■ TASK TO COMPLETE: As soon as the line containing "Woman holding smartphone" appears in the material below, start returning lines exactly, and end with the line containing "Міністерство освіти і".

■ STORED DATA:
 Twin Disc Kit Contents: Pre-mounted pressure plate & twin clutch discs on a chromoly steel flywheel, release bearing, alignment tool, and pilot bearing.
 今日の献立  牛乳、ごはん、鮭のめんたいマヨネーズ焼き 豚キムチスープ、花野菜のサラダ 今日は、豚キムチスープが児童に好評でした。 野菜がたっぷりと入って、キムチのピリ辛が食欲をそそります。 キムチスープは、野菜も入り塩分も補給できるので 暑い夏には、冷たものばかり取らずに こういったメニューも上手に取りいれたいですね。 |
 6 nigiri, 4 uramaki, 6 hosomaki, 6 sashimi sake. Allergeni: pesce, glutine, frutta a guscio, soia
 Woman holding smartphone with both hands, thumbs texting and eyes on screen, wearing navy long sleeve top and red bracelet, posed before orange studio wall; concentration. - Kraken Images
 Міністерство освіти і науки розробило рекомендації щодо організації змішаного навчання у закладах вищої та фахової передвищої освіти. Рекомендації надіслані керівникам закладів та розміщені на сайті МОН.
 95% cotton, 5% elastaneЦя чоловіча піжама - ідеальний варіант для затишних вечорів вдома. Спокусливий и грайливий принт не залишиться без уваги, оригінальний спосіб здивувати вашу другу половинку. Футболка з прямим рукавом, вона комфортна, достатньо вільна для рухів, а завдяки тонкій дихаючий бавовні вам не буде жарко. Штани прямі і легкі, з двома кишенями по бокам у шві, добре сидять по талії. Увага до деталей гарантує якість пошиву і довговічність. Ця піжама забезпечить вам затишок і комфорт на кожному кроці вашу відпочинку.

---

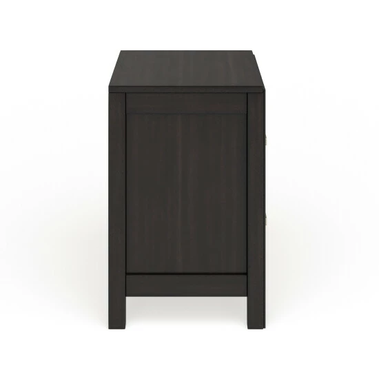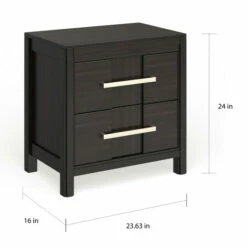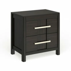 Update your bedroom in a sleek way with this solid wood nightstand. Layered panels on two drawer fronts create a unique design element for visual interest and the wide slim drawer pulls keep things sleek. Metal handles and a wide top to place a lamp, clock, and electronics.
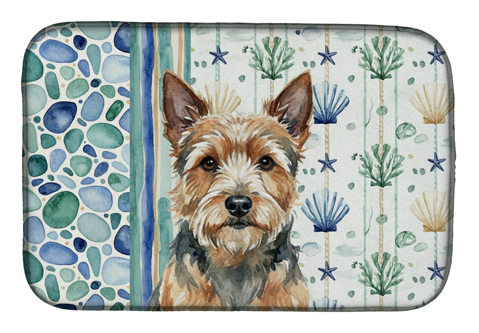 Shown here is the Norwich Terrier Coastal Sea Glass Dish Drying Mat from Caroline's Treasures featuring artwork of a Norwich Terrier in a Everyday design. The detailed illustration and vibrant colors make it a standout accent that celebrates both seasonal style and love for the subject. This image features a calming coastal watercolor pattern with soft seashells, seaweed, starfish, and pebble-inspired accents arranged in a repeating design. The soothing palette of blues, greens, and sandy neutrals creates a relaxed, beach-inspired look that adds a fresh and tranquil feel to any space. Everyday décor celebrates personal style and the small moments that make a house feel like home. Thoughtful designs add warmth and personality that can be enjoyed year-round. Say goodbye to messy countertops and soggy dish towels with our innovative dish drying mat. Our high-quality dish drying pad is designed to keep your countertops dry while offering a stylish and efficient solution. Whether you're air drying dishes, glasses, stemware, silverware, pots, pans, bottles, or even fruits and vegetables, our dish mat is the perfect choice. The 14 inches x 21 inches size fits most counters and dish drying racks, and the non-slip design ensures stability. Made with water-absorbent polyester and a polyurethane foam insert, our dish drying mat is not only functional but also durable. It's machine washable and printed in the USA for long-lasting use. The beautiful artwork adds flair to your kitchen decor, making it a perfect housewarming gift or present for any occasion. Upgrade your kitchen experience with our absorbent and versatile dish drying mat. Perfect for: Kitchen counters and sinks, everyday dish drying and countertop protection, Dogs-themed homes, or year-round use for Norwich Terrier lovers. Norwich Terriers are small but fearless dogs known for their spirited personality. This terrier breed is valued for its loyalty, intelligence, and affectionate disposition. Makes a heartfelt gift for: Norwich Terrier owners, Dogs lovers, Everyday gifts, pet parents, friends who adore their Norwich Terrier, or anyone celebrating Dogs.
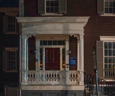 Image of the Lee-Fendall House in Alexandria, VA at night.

■ RESULT BELOW:
 Woman holding smartphone with both hands, thumbs texting and eyes on screen, wearing navy long sleeve top and red bracelet, posed before orange studio wall; concentration. - Kraken Images
 Міністерство освіти і науки розробило рекомендації щодо організації змішаного навчання у закладах вищої та фахової передвищої освіти. Рекомендації надіслані керівникам закладів та розміщені на сайті МОН.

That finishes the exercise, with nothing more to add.